--- To do ---
Only the lines from the one that contains "Important : Hindi" to the last line below, both included, should be transcribed. Pictures stay out of the copy.
"""
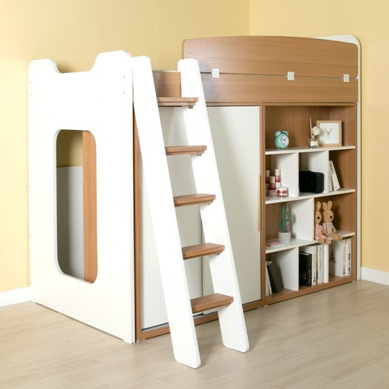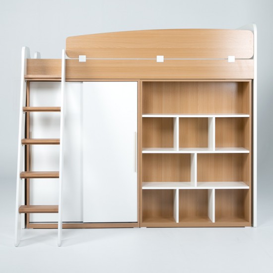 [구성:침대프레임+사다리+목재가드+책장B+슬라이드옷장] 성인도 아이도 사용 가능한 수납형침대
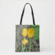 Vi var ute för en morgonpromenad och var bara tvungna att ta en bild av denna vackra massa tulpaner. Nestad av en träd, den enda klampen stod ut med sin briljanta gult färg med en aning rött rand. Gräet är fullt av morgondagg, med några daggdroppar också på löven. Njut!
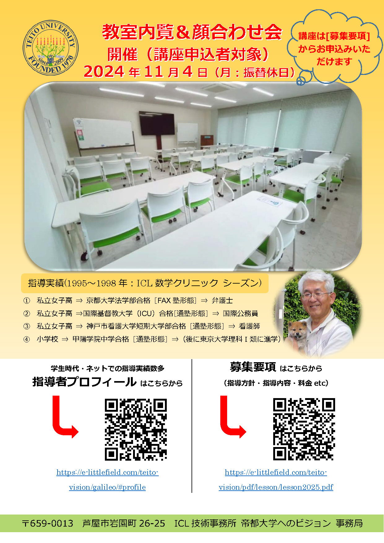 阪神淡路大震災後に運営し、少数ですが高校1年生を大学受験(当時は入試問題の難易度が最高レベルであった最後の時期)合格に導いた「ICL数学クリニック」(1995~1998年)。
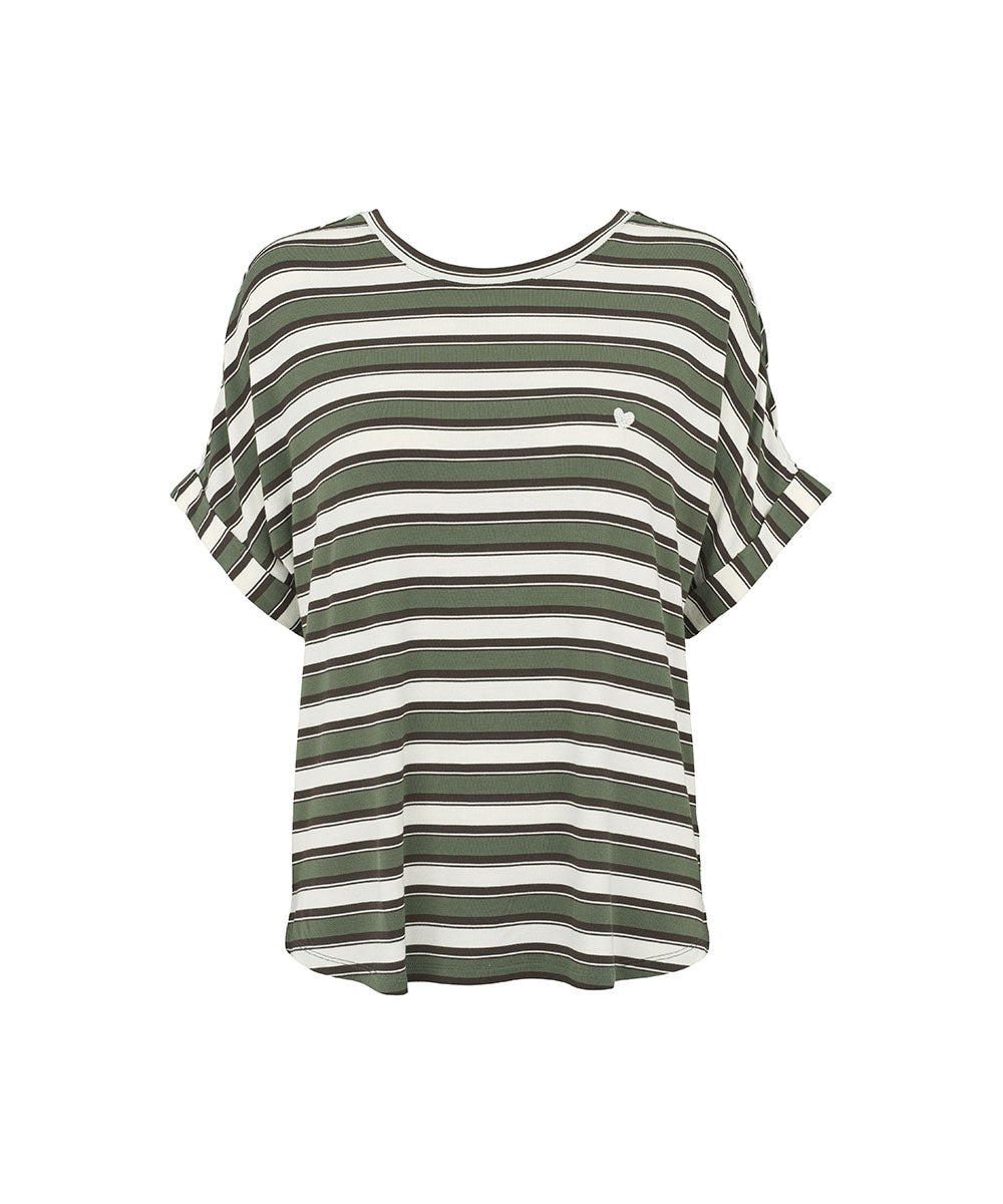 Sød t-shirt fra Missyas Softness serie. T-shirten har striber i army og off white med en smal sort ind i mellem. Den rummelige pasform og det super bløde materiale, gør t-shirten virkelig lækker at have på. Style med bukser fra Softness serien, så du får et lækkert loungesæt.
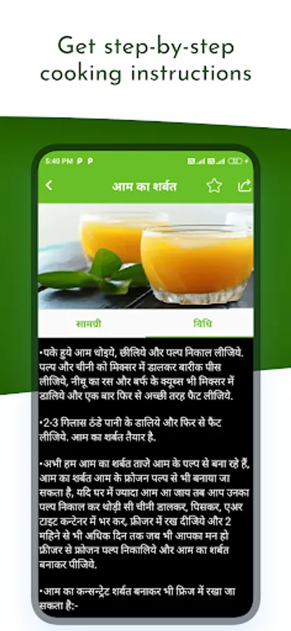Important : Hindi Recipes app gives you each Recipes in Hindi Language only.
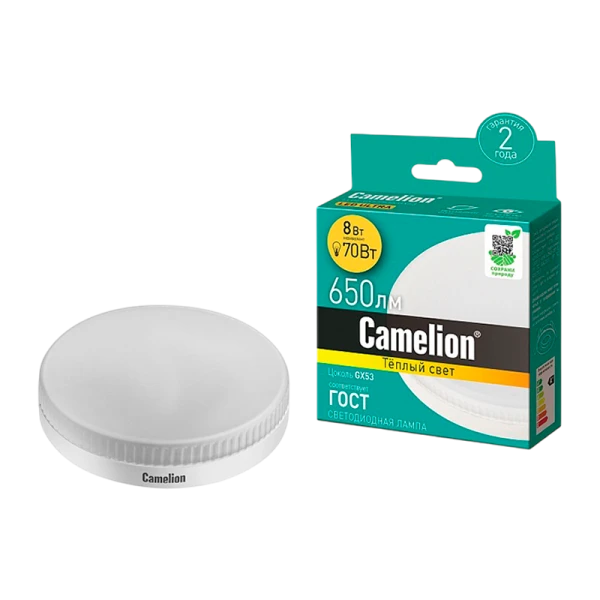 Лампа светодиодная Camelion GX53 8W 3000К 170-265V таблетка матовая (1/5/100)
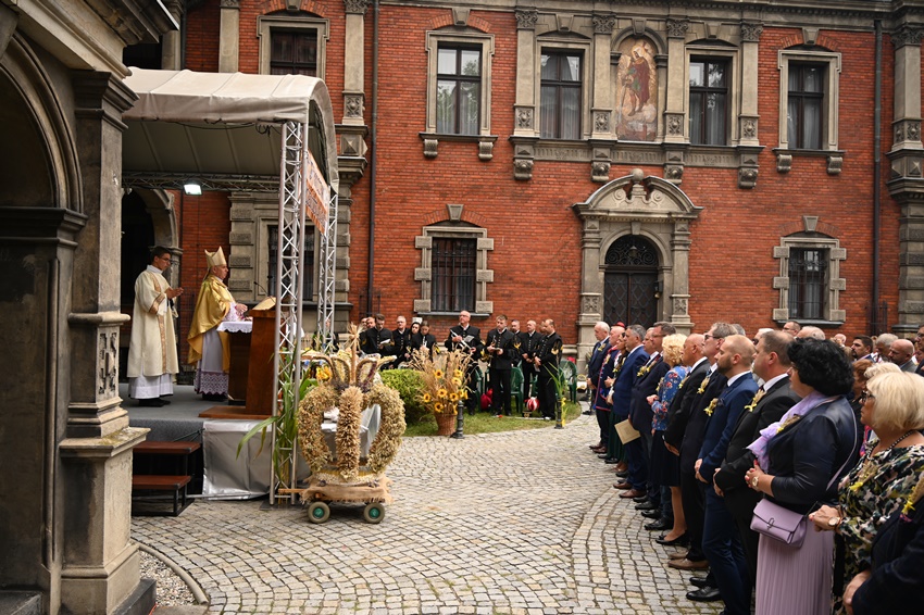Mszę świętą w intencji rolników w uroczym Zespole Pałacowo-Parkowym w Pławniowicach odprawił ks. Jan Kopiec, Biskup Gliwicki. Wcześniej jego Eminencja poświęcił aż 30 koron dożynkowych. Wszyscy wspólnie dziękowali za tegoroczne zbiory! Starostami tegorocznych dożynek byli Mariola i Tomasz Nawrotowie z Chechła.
"""
--- Answer section ---
Important : Hindi Recipes app gives you each Recipes in Hindi Language only.
 Лампа светодиодная Camelion GX53 8W 3000К 170-265V таблетка матовая (1/5/100)
Mszę świętą w intencji rolników w uroczym Zespole Pałacowo-Parkowym w Pławniowicach odprawił ks. Jan Kopiec, Biskup Gliwicki. Wcześniej jego Eminencja poświęcił aż 30 koron dożynkowych. Wszyscy wspólnie dziękowali za tegoroczne zbiory! Starostami tegorocznych dożynek byli Mariola i Tomasz Nawrotowie z Chechła.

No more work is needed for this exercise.